If the admins won't take the necessary actions, forum will die a slow death.


----------



## asingh (Oct 26, 2011)

coolpcguy said:


> Unfortunately that matter is out of my hands



Start 10x moderation. Spam is a pain for forums.


----------



## dashing.sujay (Oct 26, 2011)

^^10x moderation?


----------



## coolpcguy (Oct 26, 2011)

asingh said:


> Start 10x moderation. Spam is a pain for forums.



oh we're pretty quick & swift with the moderation, esp when it comes to spam. It's irritating, that's about it


----------



## asingh (Oct 26, 2011)

dashing.sujay said:


> ^^10x moderation?



First 10 posts have to be approved/moderated. You trap the spammers really quick like this. Also ideally image linking should also be not permitted for first 10 posts.

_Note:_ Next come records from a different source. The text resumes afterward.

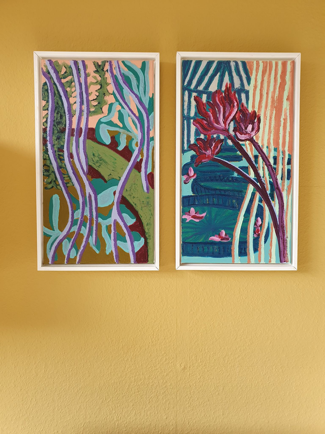 "Jungle Dreams" original oil + oil pastel paintings on canvas (2025), 30 x 55 cm, in white wooden box frame, ready to hang. Price per painting.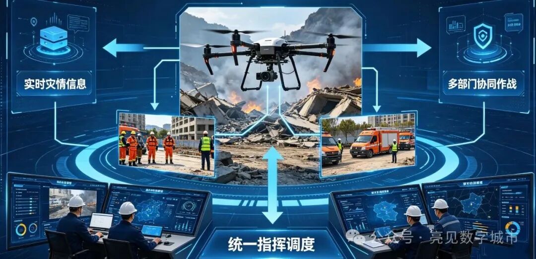 2. 系统化集成:构建 "空天地一体化" 应急救援体系,整合无人机、卫星、地面机器人、指挥中心等资源,实现多维度、全方位应急响应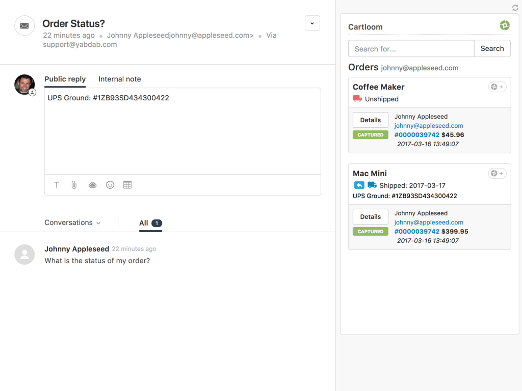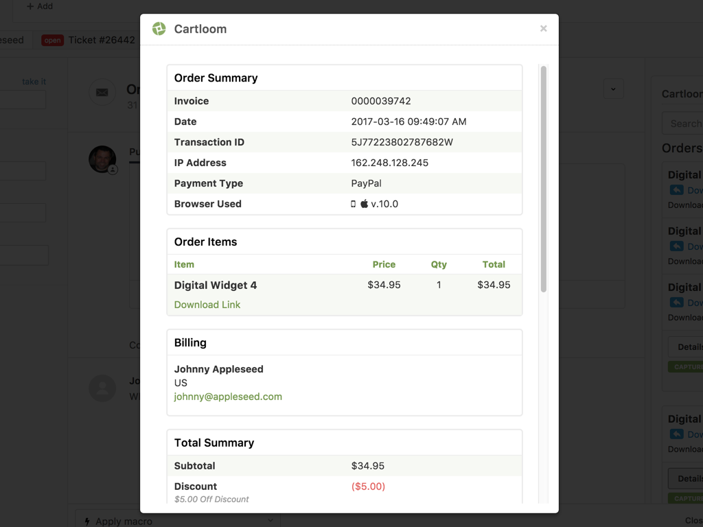 Need to verify a support client's order history, serial number or eligibility for support and upgrades? The Cartloom app for Zendesk pulls in detailed order information from your Cartloom.com ecommerce account. View purchase history right next to your support tickets. Allow your agents to efficiently respond to order related queries by placing order info right into Zendesk!
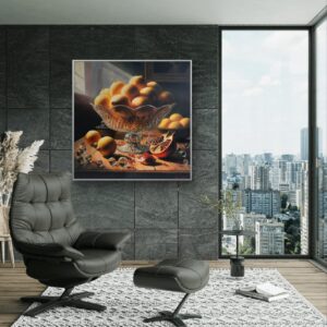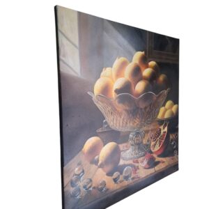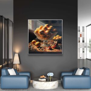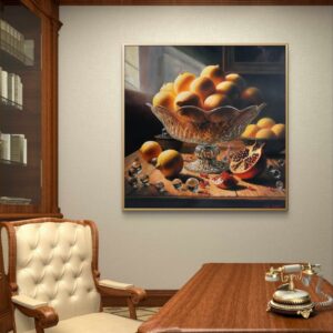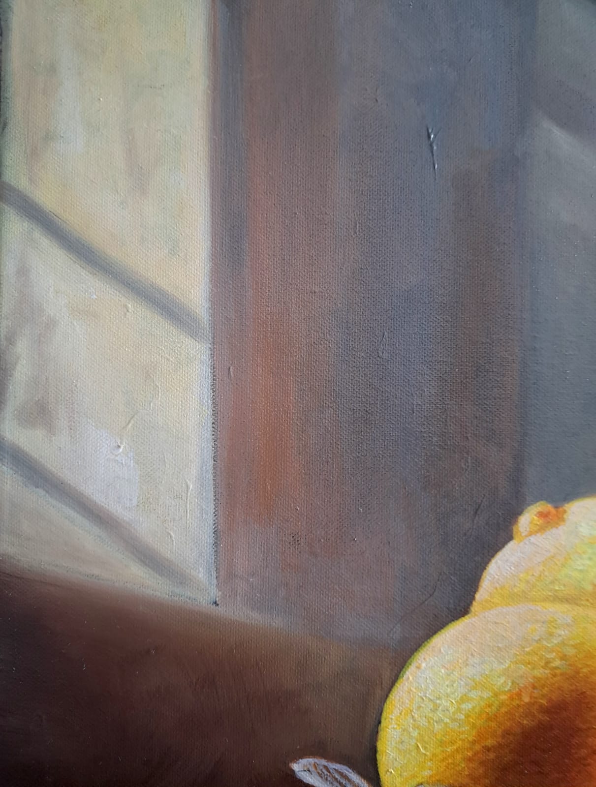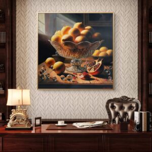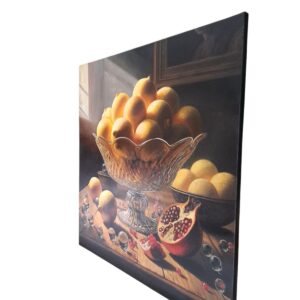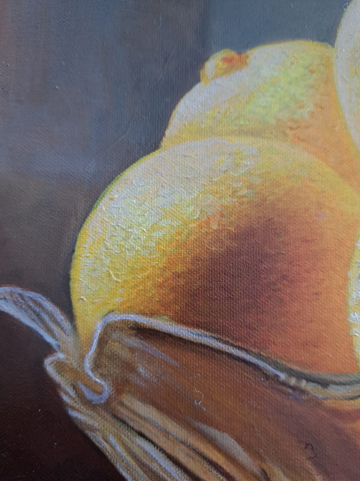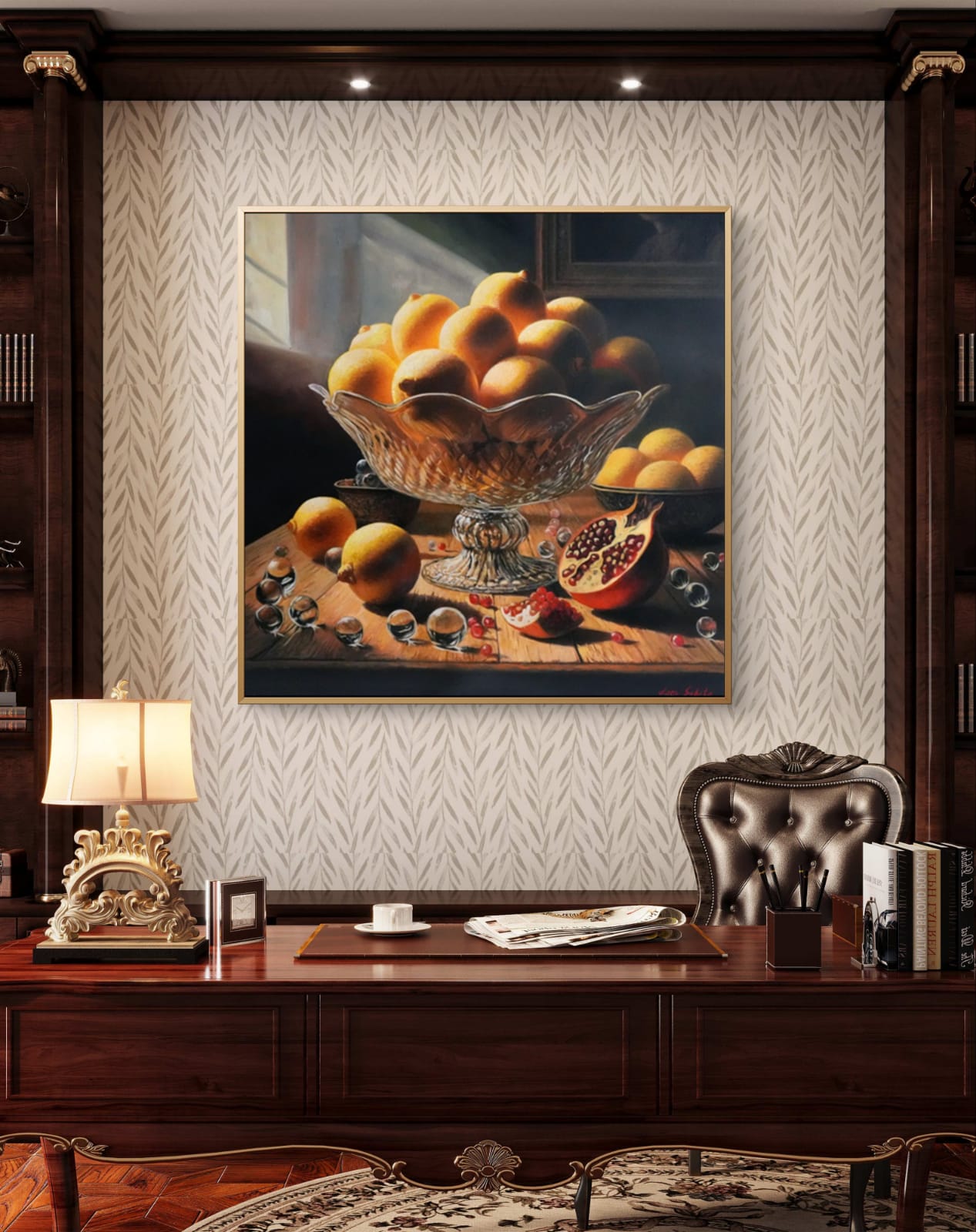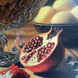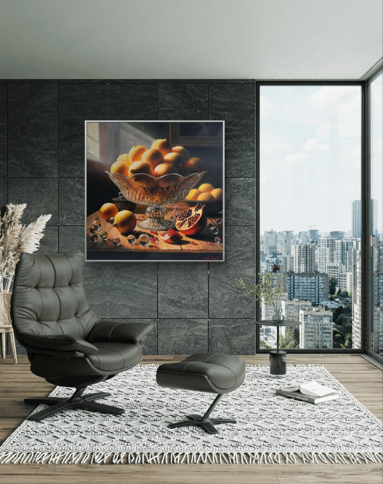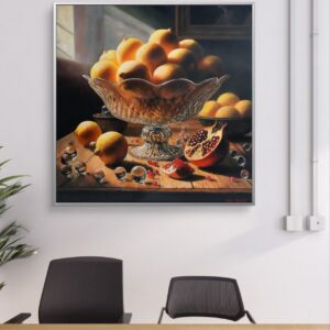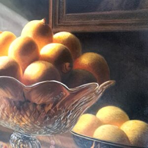 “Dialogo di Ombre e Colori nasce dal mio desiderio di esplorare il sottile equilibrio tra gli oggetti e lo spazio circostante, creando una composizione che catturi non solo l’aspetto visivo, ma anche una narrazione più profonda. La tela presenta un centrotavola con alzata colmo di limoni, il cui giallo vivace contrasta con le tonalità più morbide e calde dello sfondo. Un melograno aperto rivela i suoi semi brillanti, introducendo una nota di rosso che aggiunge un tocco di intensità alla scena.

QBQ = Quality before Quantity.


----------



## ico (Oct 26, 2011)

dashing.sujay said:


> Also personally, i like opera, but dont use becoz the cursor doesn't changes to hand when taken over a link   (may be its a stupid reason, but isse mujhe _feel_ nahi aati browsing karne mein  )


Seems like I missed reading this earlier. What you have written is not true at all.  It changes to hand.


----------



## sygeek (Oct 26, 2011)

coolpcguy said:


> oh we're pretty quick & swift with the moderation, esp when it comes to spam. It's irritating, that's about it


This sure will stop more than spam.


----------



## Skud (Oct 26, 2011)

Sure. LOL...


----------



## coolpcguy (Oct 26, 2011)

sygeek said:


> This sure will stop more than spam.



heh. Thanks for that.


----------



## dashing.sujay (Oct 26, 2011)

ico said:


> Seems like I missed reading this earlier. What you have written is not true at all.  It changes to hand.



Earlier it didn't showed! BTW I haven't used Opera from ages, so can't say of now. IIRC I used ver 10 last time, some 6 months ago. Anyways thnx for updating  May be its time to switch to opera now


----------